Table 7 shows the association between depressive symptoms and components of frailty in 2011–2015, not frailty at baseline. Firstly, in crude analysis, frailty (OR = 2.032, 95%CI 1.107–3.731) risk was increased for the depressive symptoms during the long-term. Secondly, depressive symptoms were significantly associated with exhaustion (OR = 2.904, 95%CI 2.052–4.111) during the long-term. However, depressive symptoms were not significantly associated with weakness, slowness, weight loss, or low activity [(weakness: OR = 1.107, 95%CI 0.727–1.685), (slowness: OR = 0.916 95%CI 0.637–1.316), (weight loss: OR = 1.620, 95%CI 0.866–3.029), (low activity: OR = 0.823, 95%CI 0.519–1.306)]. Thirdly, after adjusting for age, sex, educational levels, marital status, live place, current smoking, alcohol drinking, activities, chronic diseases, and BMI, depressive symptoms was significantly associated with frailty (OR = 1.926, 95%CI 1.021–3.632) and exhaustion (OR = 2.869, 95%CI 2.004–4.109) during the long-term. However, depressive symptoms were not significantly associated with weakness, slowness, weight loss, or low activity [(weakness: OR = 0.983, 95%CI 0.630–1.534), (slowness: OR = 0.845, 95%CI 0.576–1.239), weight loss: OR = 1.503, 95%CI 0.666–3.393), (low activity: OR = 0.839, 95%CI 0.520–1.353)].

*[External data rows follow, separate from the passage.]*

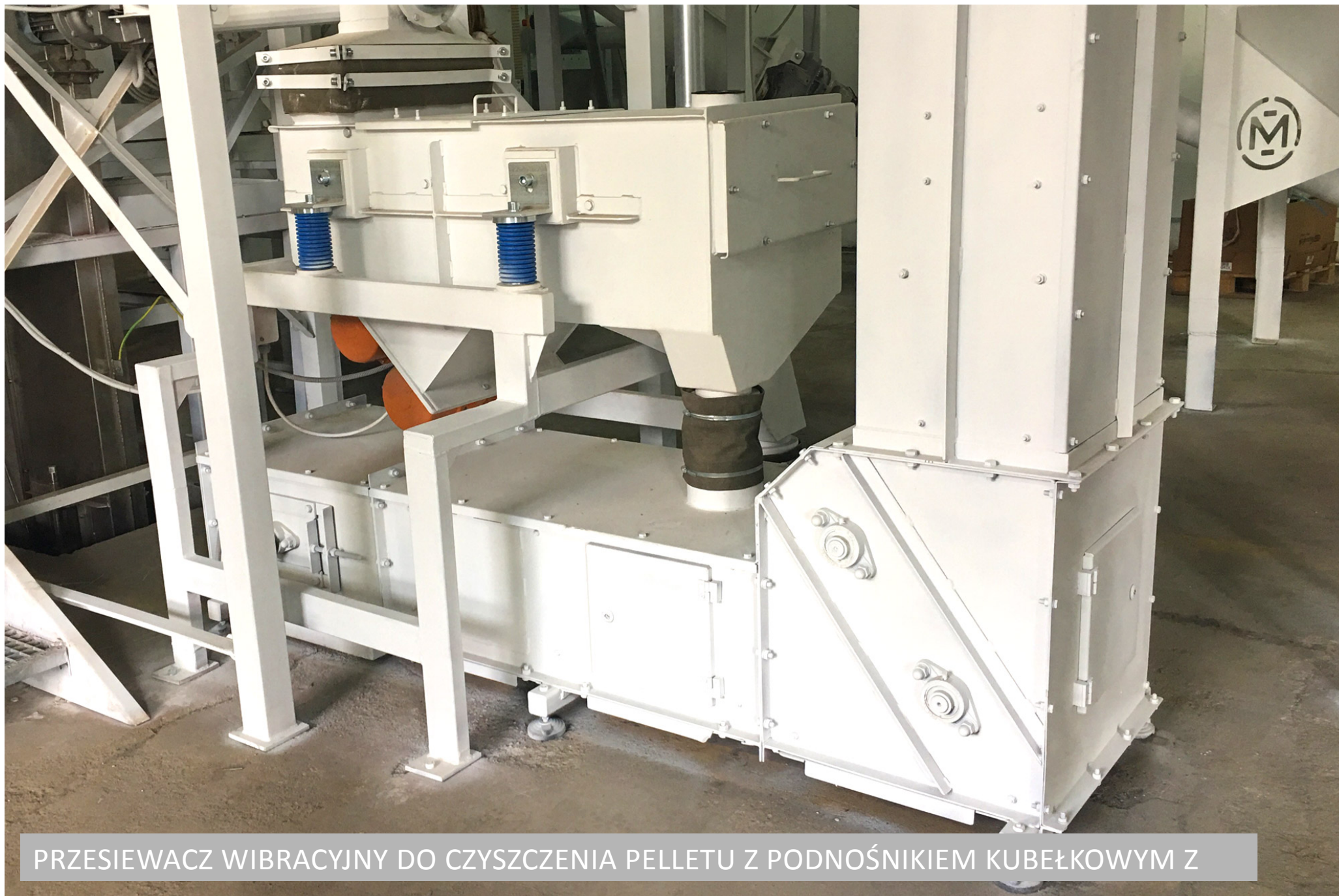
PRZESIEWACZ WIBRACYJNY DO CZYSZCZENIA PELLETU Z PODNOŚNIKIEM KUBEŁKOWYM Z
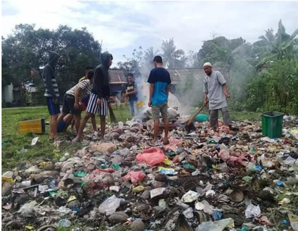
Foto kegiatan jumat bersih, bekerja sama pemuda dengan tokoh masyarakat.
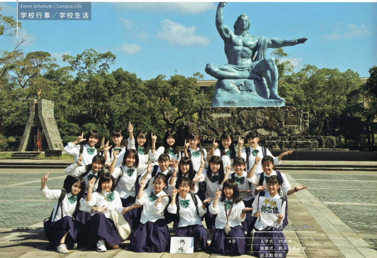
キャンパスカレンダー
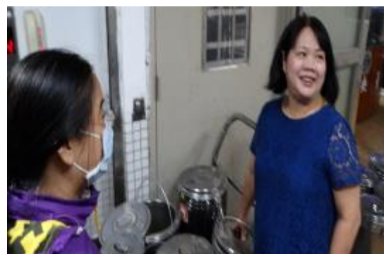
查看學生中餐伙食供應情形
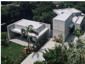
p11 / p54-55
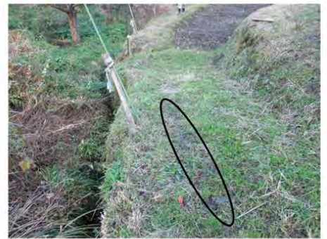
農道(幅はおよそ1.4m)を上から見たところ(楕円のところに木板を敷いていた)

道はもともと狭く(およそ1.4m)、小川側の縁は軟らかくて、車輪が食い込んだり、滑るため、それを防ぐために木の板(長さ3m、幅50cm、厚み7cmほど)を敷いていた。当日は降雨で板が濡れており、濡れた板の表面で前輪が川の方に横すべりして脱輪。
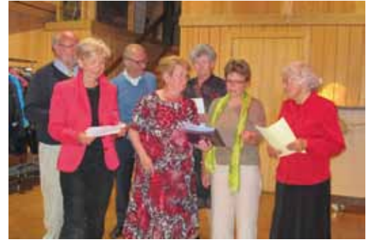
Les chanteurs lors du dîner.

Table 7 Odds ratios (ORs)) and 95% confidence interval (CIs) for frailty and components of frailty at baseline associated with depressive symptoms at 2011→ 2015 (N = 607)

Discussion

The cross-sectional and longitudinal associations between depressive symptoms and frailty and its components were described in this research. First, it has been found that depressive symptoms at baseline were related to frailty and its components (weakness, slowness, weight loss, and exhaustion). Secondly, depressive symptoms at baseline were significantly associated with the onset of frailty after two years of follow-up. Among specific criteria, weakness, slowness, and exhaustion were significant independent predictors of future frailty. Lastly, depressive symptoms at baseline were significantly associated with the onset of frailty after four years of follow-up. Among specific criteria, exhaustion was a significant independent predictor of future frailty. Depression symptoms should be evaluated for prevention, as they may be a potential future risk factor for future frailty.

To date, a limited amount of research has explored the influence of depression on frailty and its components over a period of years. At the same time, in the meta-analysis, most participants were Western. This research aimed to investigate the association between depressive symptoms and the incidence of frailty and its components in Asian participants, who are middle-aged and older. Previous studies have shown that depressive symptoms have been related to an increased risk of frailty and its similar components, such as cognitive decline, reduced social and physical activity (e.g., as a result of muscular atrophy), memory consolidation, mental flexibility and somatic health decline [54,55,56,57]. Soysal’s research also found that depressive symptoms often lead to weight loss, slow gait speed, poor social relationships, and malnutrition [22]. In addition, Veronese et al. deemed that depressive symptoms can lead to fatigue, weakness, and mobility impairments [58]. These factors may raise the risk of frailty and increased mortality during a five-year period. The above studies are partly in accordance with this research. Results from the present longitudinal data in this research indicate that depressive symptoms are associated with an increased risk of incident frailty after 2 and 4 years of follow-up in the middle-aged and older adults aged 45–96 years. The differences between our research and the previously referenced studies in the literature could be explained by some hypotheses. First, differences in evaluation tools for frailty and depressive symptoms, covariates, and length of follow-up could play an important role. There are 10-item, 15-item, and 20-item Epidemiologic Studies-Depression Scales. This research used a 10-item Epidemiologic Studies-Depression Scale to evaluate depressive symptoms. Second, the transcultural differences, the population, and the data collection may contribute to these differences in the results. Finally, we used the revised Fried’s criteria, which may influence the results [2].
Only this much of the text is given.